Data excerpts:
* * * *

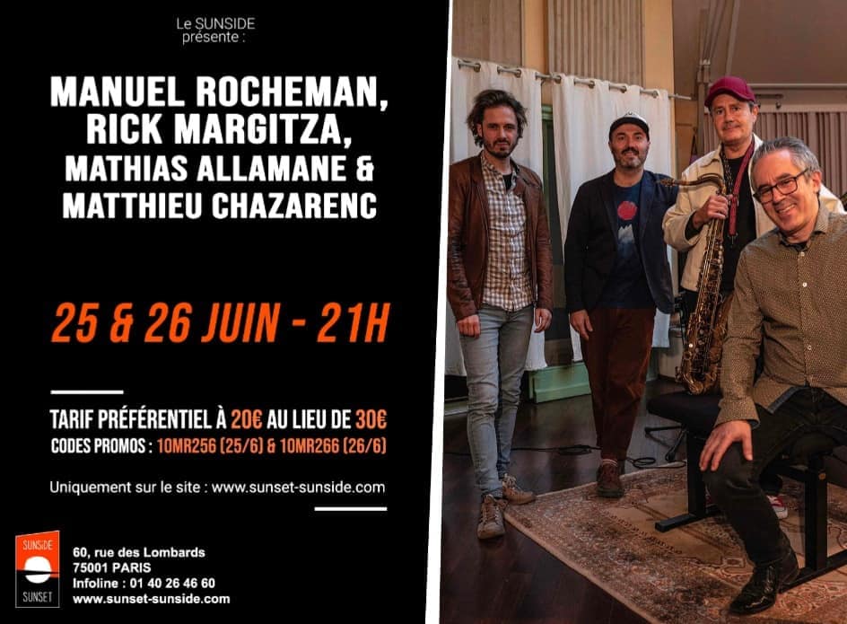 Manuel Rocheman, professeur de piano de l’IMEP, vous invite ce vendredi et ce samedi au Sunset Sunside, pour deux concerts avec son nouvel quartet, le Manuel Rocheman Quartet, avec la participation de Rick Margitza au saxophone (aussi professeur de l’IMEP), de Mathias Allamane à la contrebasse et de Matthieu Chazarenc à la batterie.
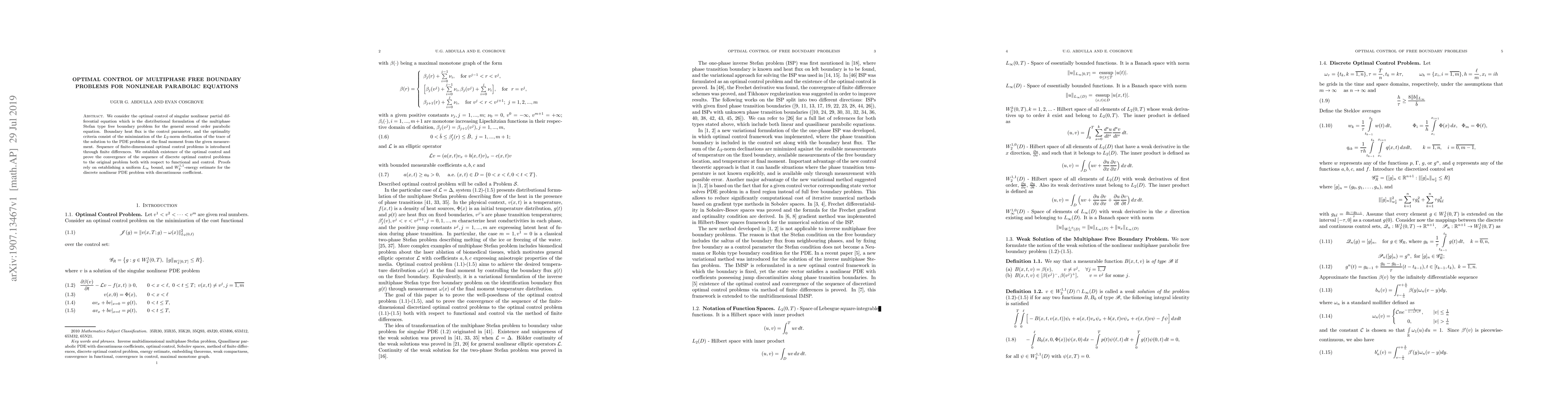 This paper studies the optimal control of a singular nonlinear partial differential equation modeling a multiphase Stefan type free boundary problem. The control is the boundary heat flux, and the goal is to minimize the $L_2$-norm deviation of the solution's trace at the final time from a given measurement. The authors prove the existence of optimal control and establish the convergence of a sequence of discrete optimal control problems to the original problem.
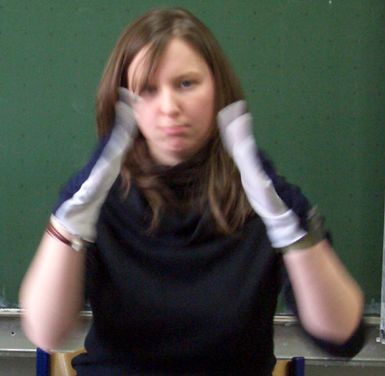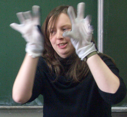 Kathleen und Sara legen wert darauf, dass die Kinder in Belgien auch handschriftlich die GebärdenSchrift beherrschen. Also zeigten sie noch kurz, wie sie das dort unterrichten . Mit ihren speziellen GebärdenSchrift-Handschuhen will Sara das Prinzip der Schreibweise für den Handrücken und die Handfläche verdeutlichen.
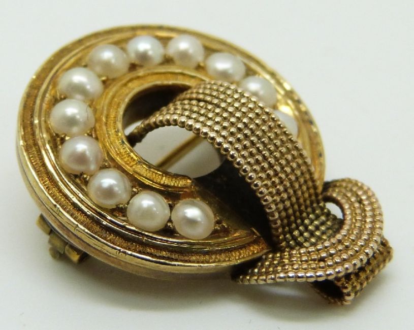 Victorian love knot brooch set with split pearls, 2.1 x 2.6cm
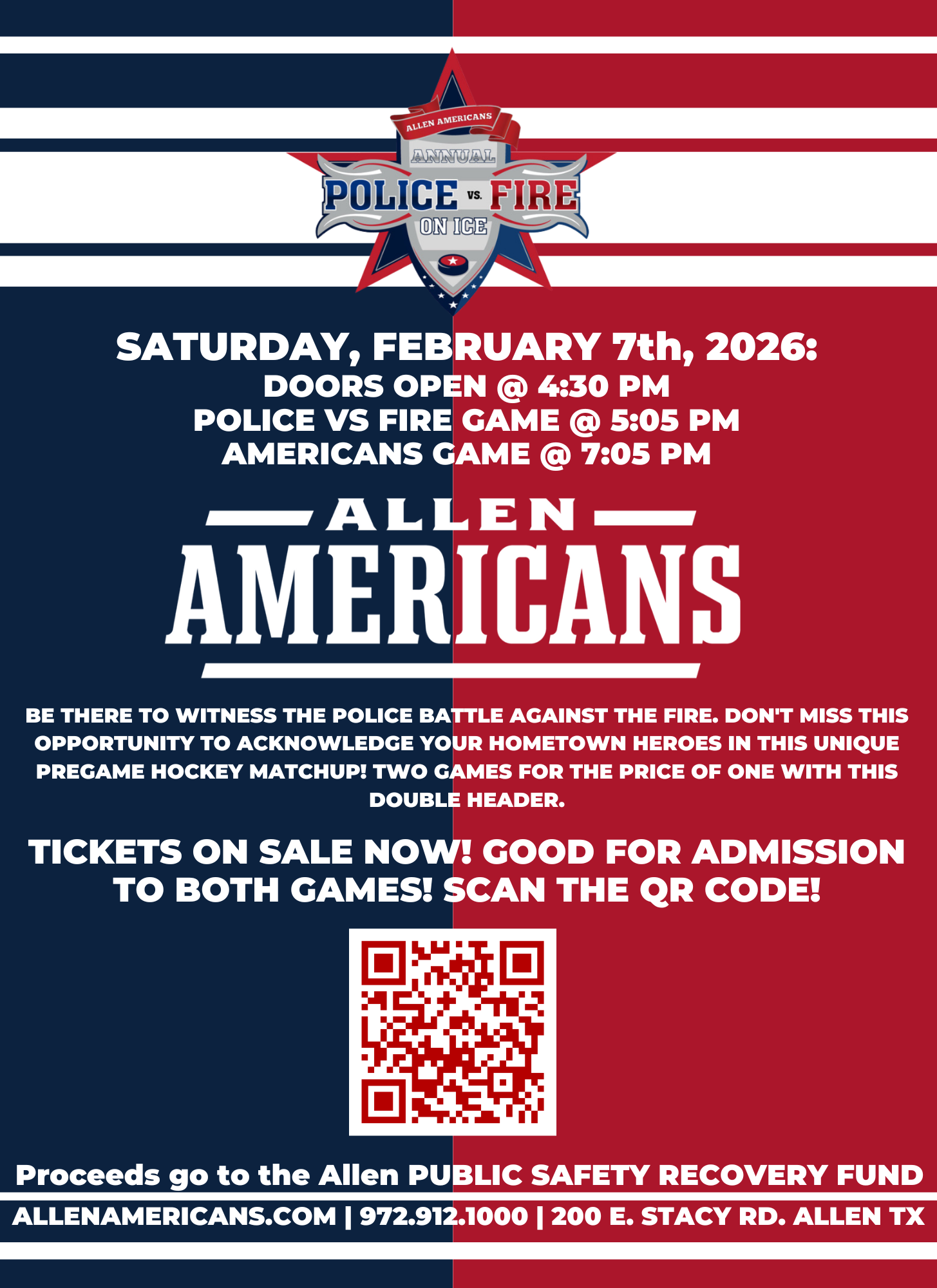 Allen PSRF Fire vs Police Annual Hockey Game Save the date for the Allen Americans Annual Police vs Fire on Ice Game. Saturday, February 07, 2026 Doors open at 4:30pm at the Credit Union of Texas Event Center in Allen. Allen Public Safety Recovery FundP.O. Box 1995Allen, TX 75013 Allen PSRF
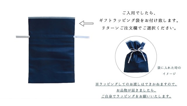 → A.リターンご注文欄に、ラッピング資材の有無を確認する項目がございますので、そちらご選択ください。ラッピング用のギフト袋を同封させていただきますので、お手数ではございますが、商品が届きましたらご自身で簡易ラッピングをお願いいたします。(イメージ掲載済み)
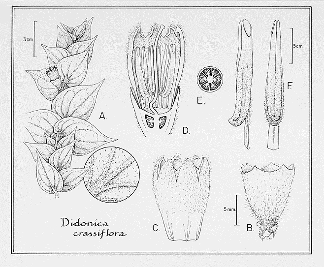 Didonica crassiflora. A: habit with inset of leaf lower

* * * *

### [Exercise instructions]
For every line above, produce an exact transcription that omits the images.

### [Exercise result]
 Manuel Rocheman, professeur de piano de l’IMEP, vous invite ce vendredi et ce samedi au Sunset Sunside, pour deux concerts avec son nouvel quartet, le Manuel Rocheman Quartet, avec la participation de Rick Margitza au saxophone (aussi professeur de l’IMEP), de Mathias Allamane à la contrebasse et de Matthieu Chazarenc à la batterie.
 This paper studies the optimal control of a singular nonlinear partial differential equation modeling a multiphase Stefan type free boundary problem. The control is the boundary heat flux, and the goal is to minimize the $L_2$-norm deviation of the solution's trace at the final time from a given measurement. The authors prove the existence of optimal control and establish the convergence of a sequence of discrete optimal control problems to the original problem.
 Kathleen und Sara legen wert darauf, dass die Kinder in Belgien auch handschriftlich die GebärdenSchrift beherrschen. Also zeigten sie noch kurz, wie sie das dort unterrichten . Mit ihren speziellen GebärdenSchrift-Handschuhen will Sara das Prinzip der Schreibweise für den Handrücken und die Handfläche verdeutlichen.
 Victorian love knot brooch set with split pearls, 2.1 x 2.6cm
 Allen PSRF Fire vs Police Annual Hockey Game Save the date for the Allen Americans Annual Police vs Fire on Ice Game. Saturday, February 07, 2026 Doors open at 4:30pm at the Credit Union of Texas Event Center in Allen. Allen Public Safety Recovery FundP.O. Box 1995Allen, TX 75013 Allen PSRF
 → A.リターンご注文欄に、ラッピング資材の有無を確認する項目がございますので、そちらご選択ください。ラッピング用のギフト袋を同封させていただきますので、お手数ではございますが、商品が届きましたらご自身で簡易ラッピングをお願いいたします。(イメージ掲載済み)
 Didonica crassiflora. A: habit with inset of leaf lower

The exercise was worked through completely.